* _Task prompt_
Reproduce the lines below exactly, from the one containing "天眼查显示,杭州碰付科技有限" through the one containing "둘째, 이 책은 매우", both included. Leave out any pictures.

::: Data provided

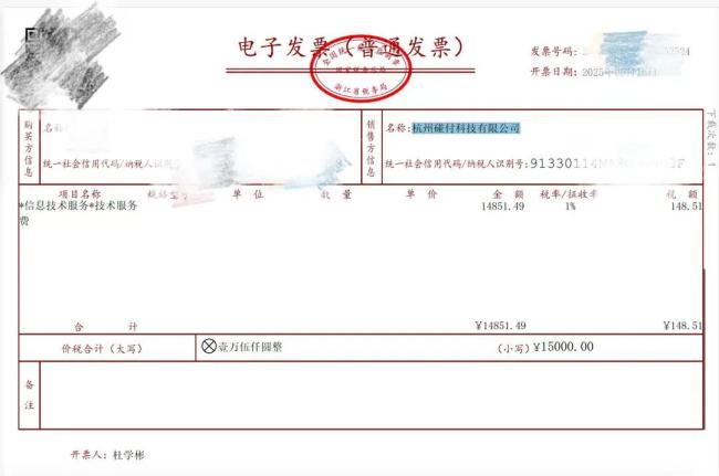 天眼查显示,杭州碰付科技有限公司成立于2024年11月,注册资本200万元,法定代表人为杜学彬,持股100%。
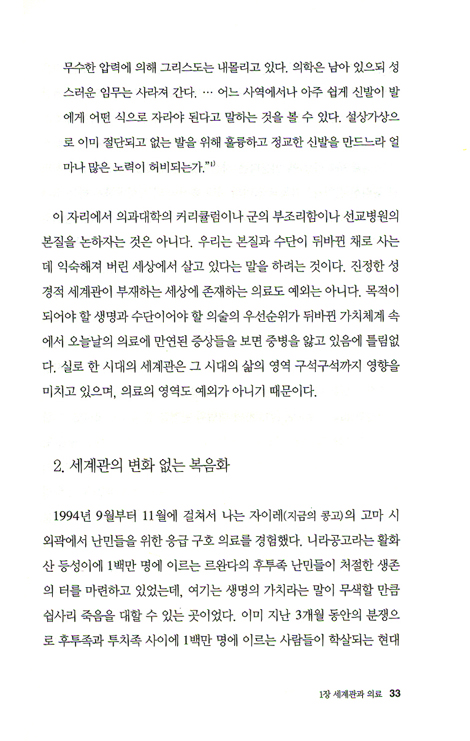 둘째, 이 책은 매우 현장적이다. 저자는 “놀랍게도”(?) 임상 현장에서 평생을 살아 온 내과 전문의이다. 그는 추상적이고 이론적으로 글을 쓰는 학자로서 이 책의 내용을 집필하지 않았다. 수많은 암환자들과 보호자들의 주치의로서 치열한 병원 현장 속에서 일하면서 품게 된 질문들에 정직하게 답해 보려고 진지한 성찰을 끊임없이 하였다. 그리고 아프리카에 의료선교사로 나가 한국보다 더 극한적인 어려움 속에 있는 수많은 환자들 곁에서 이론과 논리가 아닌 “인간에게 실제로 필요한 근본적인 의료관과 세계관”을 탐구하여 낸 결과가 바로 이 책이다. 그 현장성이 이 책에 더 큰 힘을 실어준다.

::::::
::: Data provided

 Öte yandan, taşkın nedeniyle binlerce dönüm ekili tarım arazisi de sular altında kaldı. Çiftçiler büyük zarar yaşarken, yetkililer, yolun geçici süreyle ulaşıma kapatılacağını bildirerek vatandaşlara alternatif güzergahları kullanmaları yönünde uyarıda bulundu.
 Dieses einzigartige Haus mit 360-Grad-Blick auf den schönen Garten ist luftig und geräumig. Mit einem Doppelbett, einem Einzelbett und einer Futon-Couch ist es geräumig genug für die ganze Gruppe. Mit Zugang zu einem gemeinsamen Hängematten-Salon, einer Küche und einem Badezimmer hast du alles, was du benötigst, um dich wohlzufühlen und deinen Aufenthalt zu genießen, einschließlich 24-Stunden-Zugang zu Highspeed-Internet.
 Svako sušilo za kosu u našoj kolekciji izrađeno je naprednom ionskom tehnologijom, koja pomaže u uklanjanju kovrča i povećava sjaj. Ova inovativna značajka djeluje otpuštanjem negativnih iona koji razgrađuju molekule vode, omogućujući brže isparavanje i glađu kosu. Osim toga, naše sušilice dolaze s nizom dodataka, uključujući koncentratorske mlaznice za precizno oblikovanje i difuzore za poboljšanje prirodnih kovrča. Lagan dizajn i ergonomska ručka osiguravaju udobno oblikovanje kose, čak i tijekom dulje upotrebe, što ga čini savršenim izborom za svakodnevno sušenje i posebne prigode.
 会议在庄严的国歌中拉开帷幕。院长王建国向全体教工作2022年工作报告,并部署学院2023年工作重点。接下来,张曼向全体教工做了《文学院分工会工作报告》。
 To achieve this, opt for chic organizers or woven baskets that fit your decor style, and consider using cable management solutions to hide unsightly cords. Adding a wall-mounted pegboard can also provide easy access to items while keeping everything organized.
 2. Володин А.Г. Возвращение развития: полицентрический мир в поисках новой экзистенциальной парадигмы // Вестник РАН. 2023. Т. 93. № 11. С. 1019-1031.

::::::

* _Result of this task_
 天眼查显示,杭州碰付科技有限公司成立于2024年11月,注册资本200万元,法定代表人为杜学彬,持股100%。
 둘째, 이 책은 매우 현장적이다. 저자는 “놀랍게도”(?) 임상 현장에서 평생을 살아 온 내과 전문의이다. 그는 추상적이고 이론적으로 글을 쓰는 학자로서 이 책의 내용을 집필하지 않았다. 수많은 암환자들과 보호자들의 주치의로서 치열한 병원 현장 속에서 일하면서 품게 된 질문들에 정직하게 답해 보려고 진지한 성찰을 끊임없이 하였다. 그리고 아프리카에 의료선교사로 나가 한국보다 더 극한적인 어려움 속에 있는 수많은 환자들 곁에서 이론과 논리가 아닌 “인간에게 실제로 필요한 근본적인 의료관과 세계관”을 탐구하여 낸 결과가 바로 이 책이다. 그 현장성이 이 책에 더 큰 힘을 실어준다.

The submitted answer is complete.